Never had much luck getting fixed lights pointing where I'm looking. I use a handheld. You can also get one of those nice coon head lamps that wear like a hard hat.


----------



## Core Lokt (Feb 1, 2013)

Head lights are hands free...


----------



## carolinaboy (Feb 1, 2013)

Why not run without a light you can see better and have one ready if you get in a tricky area.


----------



## head buster (Feb 1, 2013)

Go to Walmart and and looks at lights there. I got a 2 pack of lights for my brothers boat and they work just fine. we always have a hand held light just incase we get into some shallow or stumpy water. you can change the bulbs to make them broghter too! they only cost me around $15. I got some info off of duckhuntingchat about lighting.


----------



## Lanikai (Feb 1, 2013)

Look up Jeff Lasarras http://www.leserra.com/ site and checkout their headlights.


----------



## southernwhitetailMD (Feb 1, 2013)

Bdub, I recently installed a set of lights on the front of my boat.

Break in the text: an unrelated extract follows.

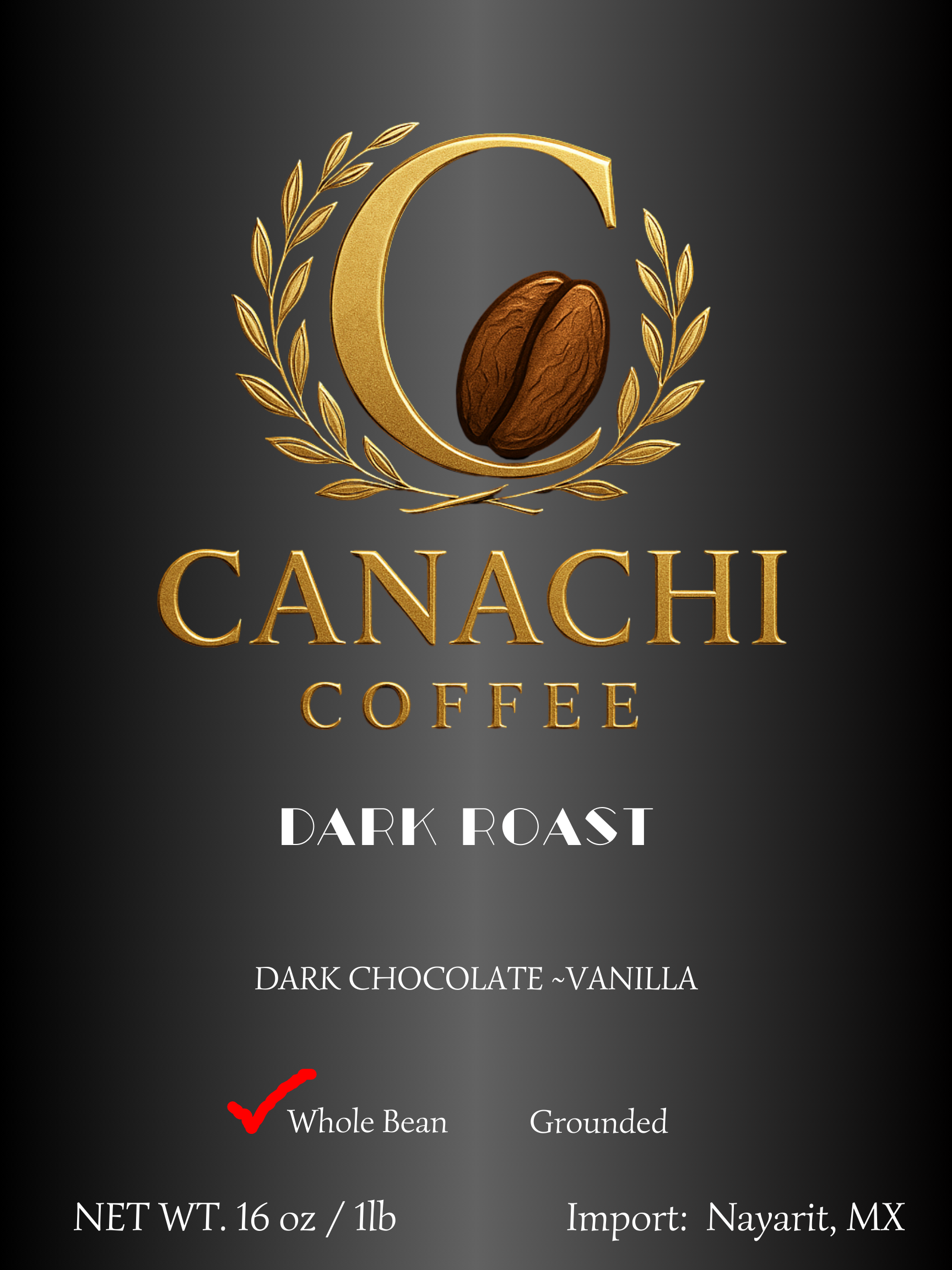 Whole Bean Canachi Coffee Dark Roast 16oz/1LB

I went to our local parts store and bought two 55 watt BAJA lights and replaced the existing bulbs with 100 watt bulbs. I have no more than 35 dollars invested in them finished. They have a bracket on them so you can angle them. These two lights put out more than enough light to see where you're going in the dark.


----------



## mikeys250 (Feb 2, 2013)

southernwhitetailMD said:


> Bdub, I recently installed a set of lights on the front of my boat. I went to our local parts store and bought two 55 watt BAJA lights and replaced the existing bulbs with 100 watt bulbs. I have no more than 35 dollars invested in them finished. They have a bracket on them so you can angle them. These two lights put out more than enough light to see where you're going in the dark.

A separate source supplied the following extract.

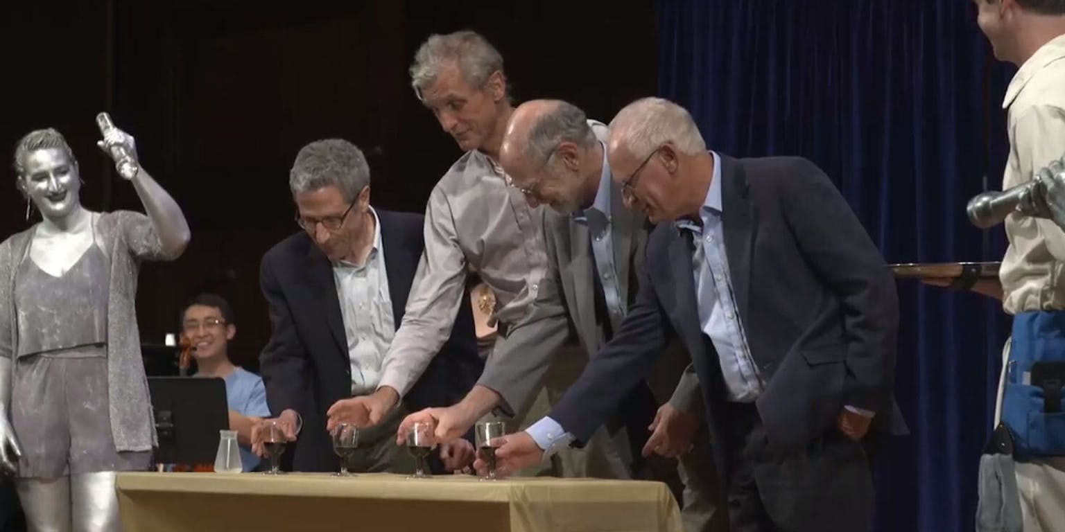 Vier echte Nobelprijswinnaars testen of mensen inderdaad kunnen proeven, dat er één vrouwelijk fruitvliegje in hun glas wijn verdronken is (Ig Nobelprijs voor biologie).

I have the same lights but haven't changed the bulbs yet. Did it make a big difference?


----------



## southernwhitetailMD (Feb 2, 2013)

There wasn't a huge difference between the two bulbs but the 100 watt definitely put out more light. It's safe to say you can easily get by with the factory bulbs that are in it though. The fact that you can move the lights make all the difference to me.


----------



## dirtysouthforeman (Feb 2, 2013)

I use a go-light and really like it... tractor supply had a light that was identical to a go light for only about $100. not sure if they still carry them but I would check them out


----------



## Blindside (Feb 2, 2013)

carolinaboy said:


> Why not run without a light you can see better and have one ready if you get in a tricky area.



This. If im not mistaken its illegal to run with that type of lights on. How can anyone see your navigation light while being blinded?


----------



## Barroll (Feb 3, 2013)

Get a hard hat light


----------



## carolinagreenhead (Feb 3, 2013)

How bout this one? 

http://www.duckhuntingchat.com/foru...=202514&p=1809640&hilit=baja+designs#p1809640


----------



## Bdub (Feb 4, 2013)

the places i hunt are very stumpy everywhere


----------



## thompsonsz71 (Feb 4, 2013)

carolinagreenhead said:


> How bout this one?
> 
> http://www.duckhuntingchat.com/foru...=202514&p=1809640&hilit=baja+designs#p1809640


Very nice but very pricey... They want like 1200$ for the 48 in


----------



## carolinagreenhead (Feb 4, 2013)

thompsonsz71 said:


> Very nice but very pricey... They want like 1200$ for the 48 in



Oh yeah, their proud of em. I got that one for free so I really couldn't complain. That was the only way I would have ever had one. Now that I do have one I am certainly grateful. You wouldn't believe how bright it is.


----------



## thompsonsz71 (Feb 4, 2013)

Yea I really want one but it will have to wait a year or two..


----------